Published 4:33 pm Wednesday, March 30, 2011

Dr. Jackie R. Booker, Winston-Salem State University associate professor of history, greets Rhemell Jones, OCtech adjunct faculty member, after his Tuesday, March 8 Women’s History Month presentation at the school. (photo submitted)

by Martha Rose Brown
The impact of an elite private school for young African-American women was the focus of a Women’s History Month program at Orangeburg-Calhoun Technical College on March 8.
Dr. Jackie R. Booker, formerly of Tryon, an associate professor of history at Winston-Salem State University, shared information about his ongoing research project titled, “For Colored Girls: A History of Allen High School in Asheville, North Carolina, 1887-1974.”
Booker said a year ago while completing research about Nina Simone, an American singer, songwriter, pianist and civil rights activist born in Tryon, he learned she was a graduate of Allen High School (AHS) and decided to research the history of the school. He said he hopes to eventually publish a book about it.
In the school’s early days, the Bible served as its only textbook and just a few of its students had access to individual desk slate-boards, Booker said.
The school got its start on Oct. 31, 1887, thanks to Christian missionaries from the north, specifically Lewis Peace and his wife. Only three students showed up for class the first day, Booker said.

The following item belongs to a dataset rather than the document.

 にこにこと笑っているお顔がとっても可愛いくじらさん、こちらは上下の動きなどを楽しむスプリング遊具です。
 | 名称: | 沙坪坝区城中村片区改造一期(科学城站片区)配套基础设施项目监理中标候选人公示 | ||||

By word of mouth, the school in its first month grew from three to 200 students, most of whom were young girls. At that time, the student population was co-ed, and whites served as teachers and administrators. The school eventually began serving only female students ages 12 to 18.

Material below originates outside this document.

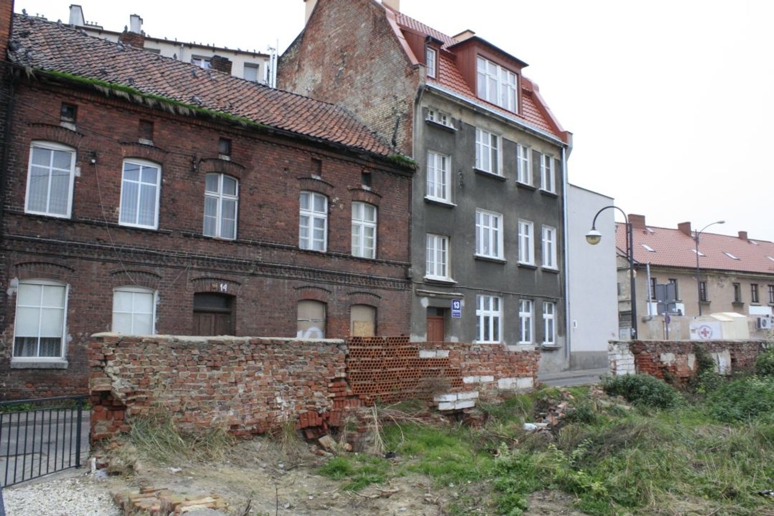 Kolejna mała architektura odwiedzana przez nas mieści się na ul. Krętej. I znowu od strony ul. Ogrodowej zarośnięty teren po spalonym budynku mieszkalnym, gdzie obok była lata temu, całkiem niezła pizzeria. Teraz to obrys dawnych zabudowań ze śmieciami i porozrzucanymi cegłami w środku. Po drugiej stronie kolejne szpetne kamienice. Jedną z nich podejrzewamy o „bycie pustostanem”.
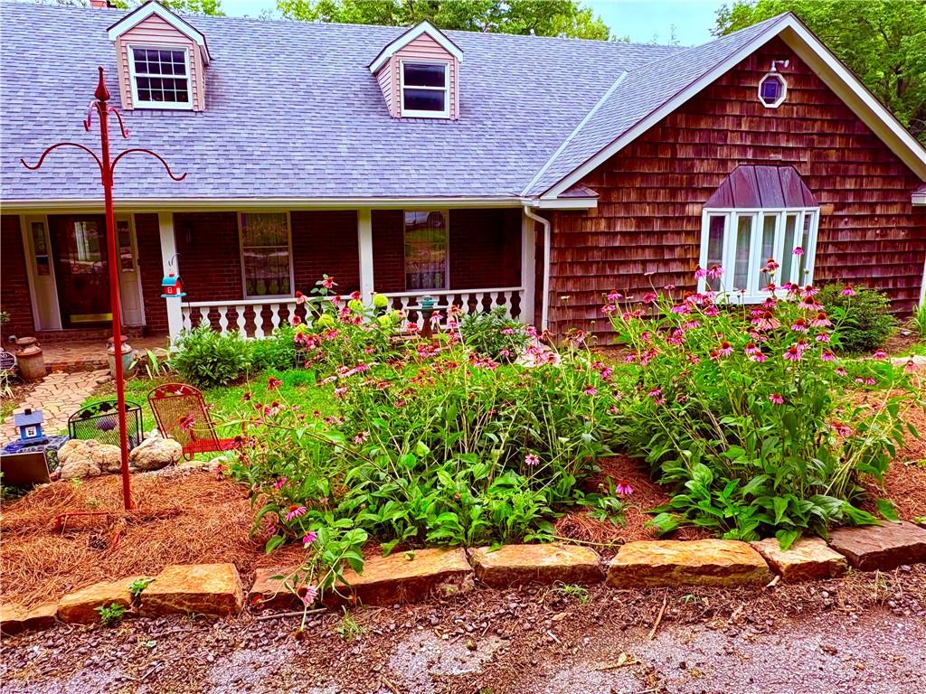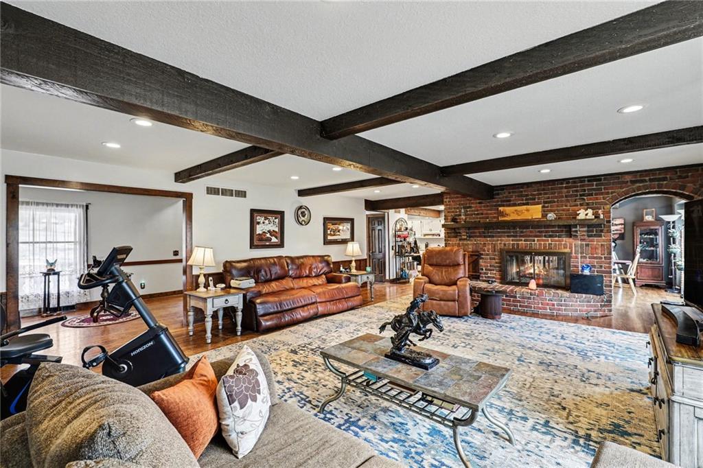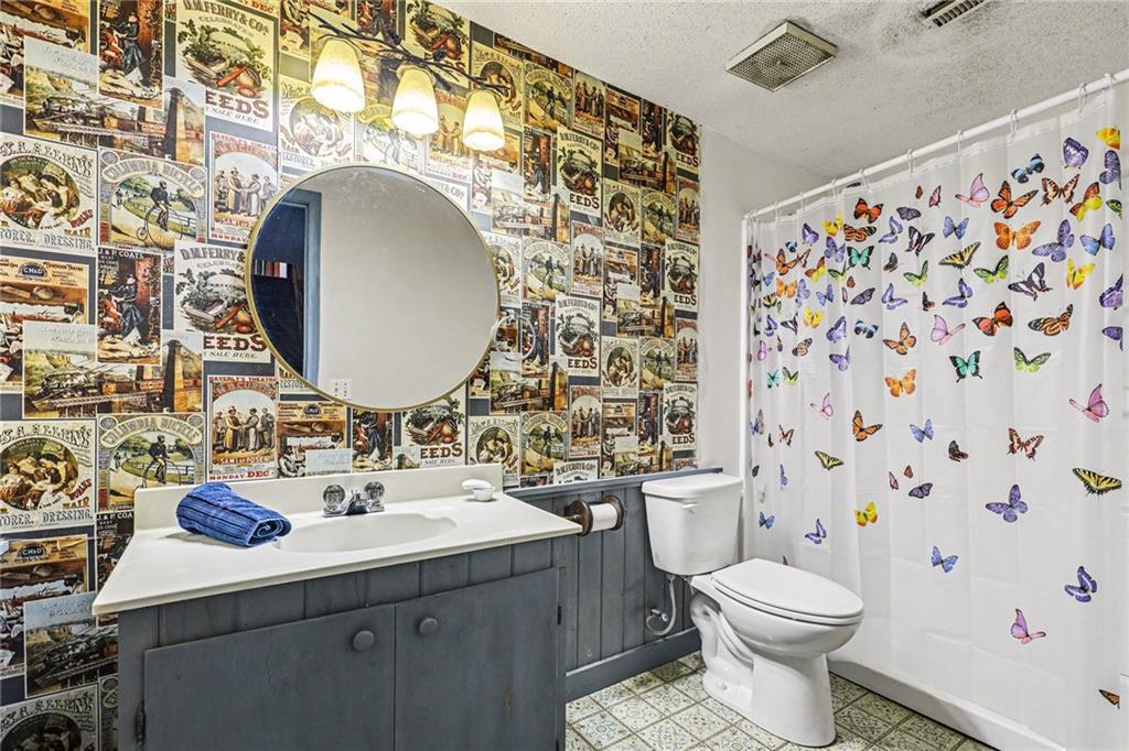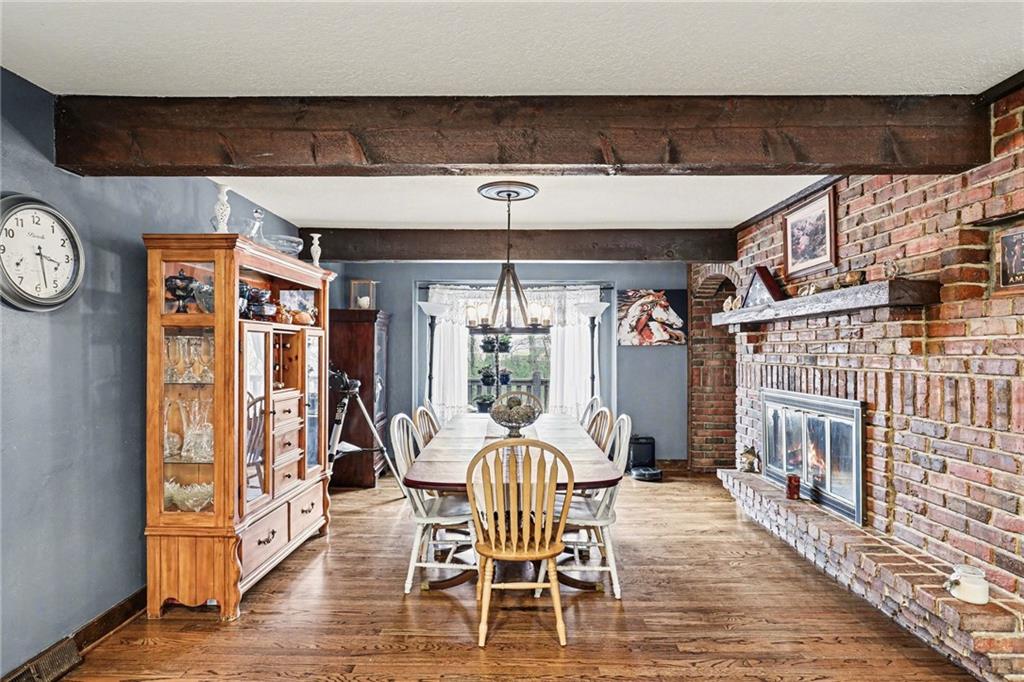 This charming, storybook home near the golf course is nestled on just over an acre with beautiful wooded views, offering character, space, and inviting farmhouse touches throughout. As you walk through the front door, you are greeted with original wood floors, open living spaces, and a gorgeous see through brick fireplace with a wood burning insert as the focal point of the living room. The dining room flows seamlessly from the living area and shares the two sided fireplace, while the spacious kitchen features granite countertops, a large pantry, and cottage inspired farmhouse charm. The primary bedroom is a true retreat with a bow window, hardwood floors, and an oversized walk in closet. The ensuite includes double sinks and a custom barn door. A second main level bedroom with its own bathroom, along with additional half baths, a laundry room, and a three car garage, complete the main floor. Upstairs offers two bedrooms and a full bathroom. The finished basement adds extra living space with a large recreation area, custom shuffleboard, a bedroom, full bathroom, generous storage, and a fourth garage, plus potential for a non conforming fifth bedroom or second kitchen. Outside, enjoy a spacious fenced backyard with a deck, covered gazebo, and patio, all backing to woods with golf course views. A charming fire pit with swings adds the perfect touch for relaxing or entertaining.

Booker said it didn’t take long for the founders to realize the need for an on-campus dormitory for the young women. Some of them walked more than two miles to school each day, he said.

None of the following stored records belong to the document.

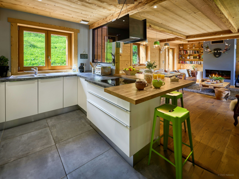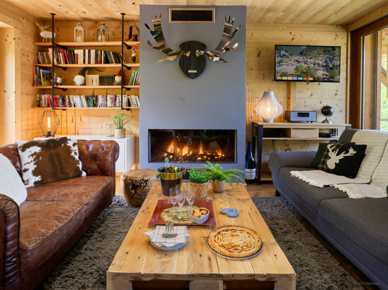 La pièce de vie ouverte comprend une cuisine équipée, une table à manger spacieuse, et un coin salon confortable avec deux canapés et une télévision. Une cheminée à gaz crée une atmosphère chaleureuse. Des portes-fenêtres donnent d’un côté sur la terrasse couverte, et de l’autre sur le balcon, d’où vous pourrez observer la danse des remontées mécaniques.
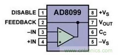 採用低失真引腳排列的一些運算放大器,有助于消除上面提及的兩個問題;而且它還提高了其他兩個重要方面的性能。LFCSP的低失真引腳排列,如(圖十)所示,將傳統運算放大器的引腳排列按著逆時針方向移動一個引腳,并且增加了一個輸出引腳作為專用的反饋引腳。
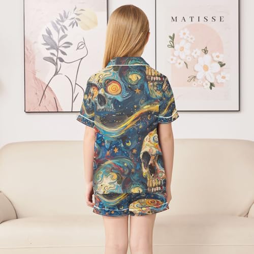 senya Human Skeleton Satin Summer Pajama Sets Silk Short Sleeve Button Down Sleepwear 1
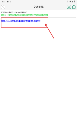 4、在详情页,查看2025/2026季度恩地觅地赛马日的特别交通及运输安排具体内容。
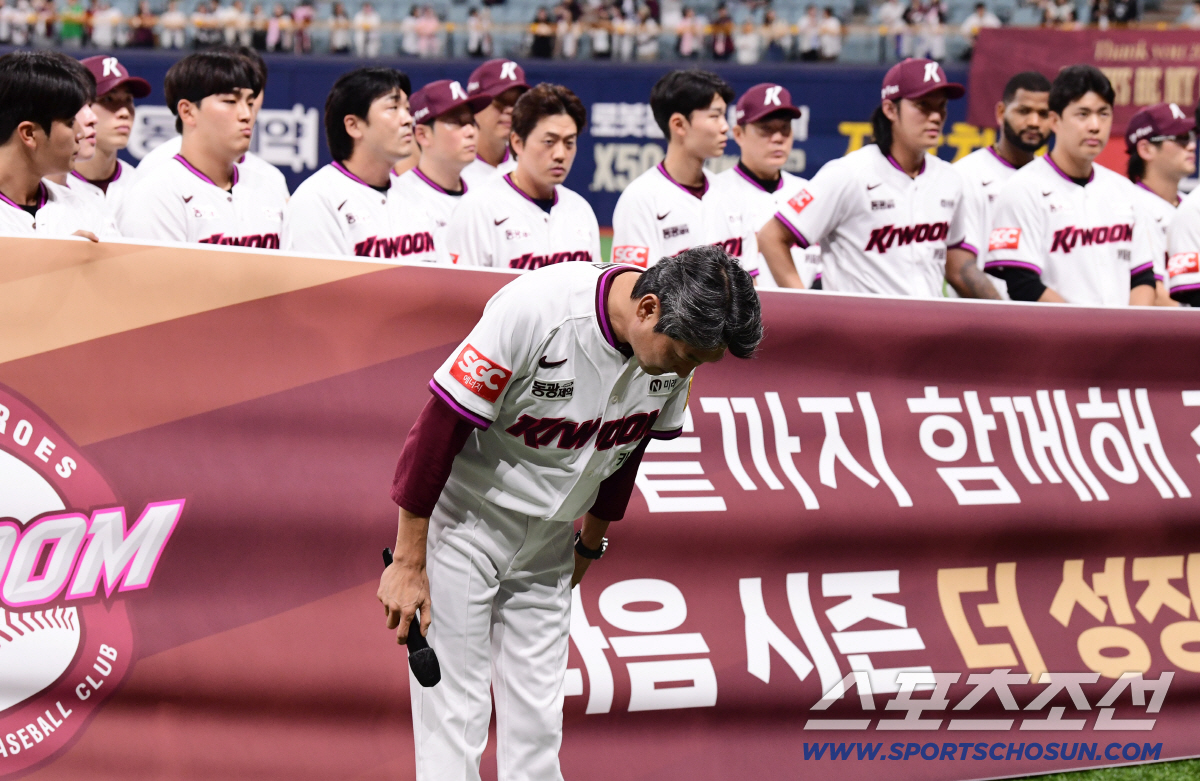 30일 서울 고척돔에서 열린 KBO리그 키움과 SSG의 경기. 경기 종료 후 올 시즌을 마친 키움 선수들이 팬들에게 인사를 했다. 팬들에게 인사하는 설종진 감독. 고척=송정헌 기자songs@sportschosun.com/2025.09.30/

Booker said it wasn’t until the 1930s that the school began employing black teachers.
According to Booker, in the 1930s, AHS’s leadership chose a more “liberal arts curriculum,” as supported by African-American educator Dr. W.E.B. DuBois. Dr. Booker T. Washington of Tuskegee University supported “industrial education,” Booker said. The two educators had their share of supporters and critics alike, he said.
Secondary and post-secondary education institutions typically chose one or the other types of curricula. Booker said it was also during that time that Allen High sought accreditation by the state of North Carolina and the Southern Association of Colleges and Schools.
By 1942, “Allen was one of the few black high schools that had both state and SACS accreditation,” he said.
The school closed in 1974 because of funding cuts and the impacts of school integration, Booker said. Simone, perhaps Allen High’s most famous alumna, graduated in 1950 with a 3.99 grade point average.
Most of the school’s graduates completed college and went on to have careers in liberal arts occupations such as teaching, Booker said.
“This is a story that needs to be told,” OCtech Librarian Harris Murray said after Booker’s presentation.